面向图像识别与物体检测的连续学习研究 | |
崔波![]() | |
2022-06 | |
Pages | 120 |
Subtype | 博士 |
Abstract | 随着深度学习的发展,人工神经网络在计算机视觉领域展现出了强大的性能优势。这种优势一方面来源于深层模型的建模能力,另一方面也依赖于大量的训练数据。借助于大数据,深度神经网络通过监督学习和自监督学习取得了巨大的成功。尽管如此,深度神经网络还有很多尚未攻克的难题。
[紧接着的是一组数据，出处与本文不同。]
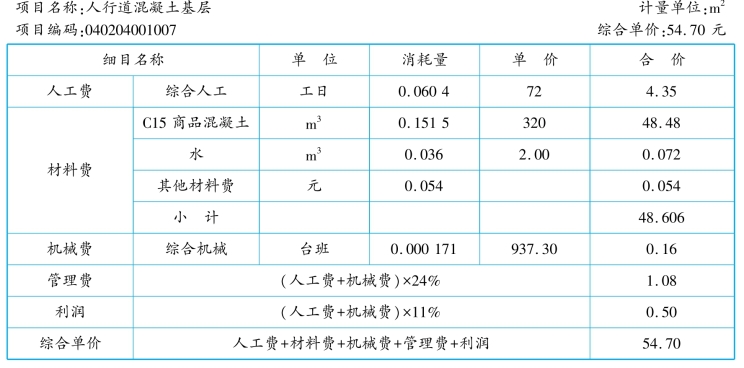 【例6.3】 计算“××市天山东路道路工程”中路面工程的“人行道混凝土基层”项目的综合单价。
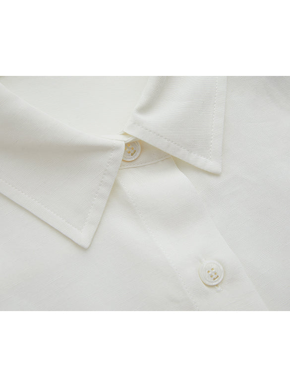 ウエストを絞ったデザインシャツ。軽い素材感で着心地も◎。

连续学习就是其中一个重要的挑战。能够连续学习的模型需要序贯学习新的任务,同时保持在旧任务上的性能表现。在最严格的设定下,学习新任务时,模型是不能接触到旧任务的训练数据的。在这种情况下,模型对旧任务的灾难性遗忘就是一个亟需解决的问题。 由于连续学习具有重要的理论价值和广阔的应用前景,它已经成为了当前的研究热点。已有的工作大部分都在隐式地解决连续学习问题,即通过参数约束或知识蒸馏等方式减轻对旧任务的遗忘。一些显式的方法包括参数分离和样本重放。参数分离为每一个新任务分配一定的新参数,这会导致模型的无限扩张。样本重放会为每一个旧任务保留一定量的旧训练样本,同样带来额外的存储消耗。鉴于已有方法的缺点,本文面向图像识别和物体检测提出一个显式的基于生成重放和知识迁移的统一框架来实现连续学习。图像识别和物体检测分别聚焦于图像的全局内容理解和局部内容识别,是计算机视觉领域关系紧密的两项基本任务。本文的研究内容具体包括:1.基于生成判别协作模型的类增量图像识别。研究者们已经提出了生成重放的方法来克服灾难性遗忘的问题。该方法可以在学习新类的同时生成属于已学习类的样本同步参与学习。然而,这种生成模型通常会在学习过程中面临生成样本和原始样本之间逐渐加剧的分布不匹配问题。因此,本文提出了深度生成和判别模型的协作框架 DeepCollaboration (D-Collab),来有效地解决这个问题。本文提出了一个判别模型来增量式更新特征空间以进行连续分类;同时引入了一个生成模型,利用判别模型产生的特征分布来代替隐变量实现条件生成。生成模型和判别模型通过双向训练连接,以形成特征域和图像域之间映射的循环一致性。此外,该框架还包括一个域对齐模块,用于缓解生成图像和真实图像的特征分布之间的差异。该模块与生成和判别模型可以进一步协作来完成有效的样本挖掘,从而能够筛选合适的生成样本参与新阶段的训练。在面向图像识别的连续学习数据集上的实验表明,该系统显著优于基线生成重放方法,取得了和样本重放方法相当的性能,且不带来额外的存储开销。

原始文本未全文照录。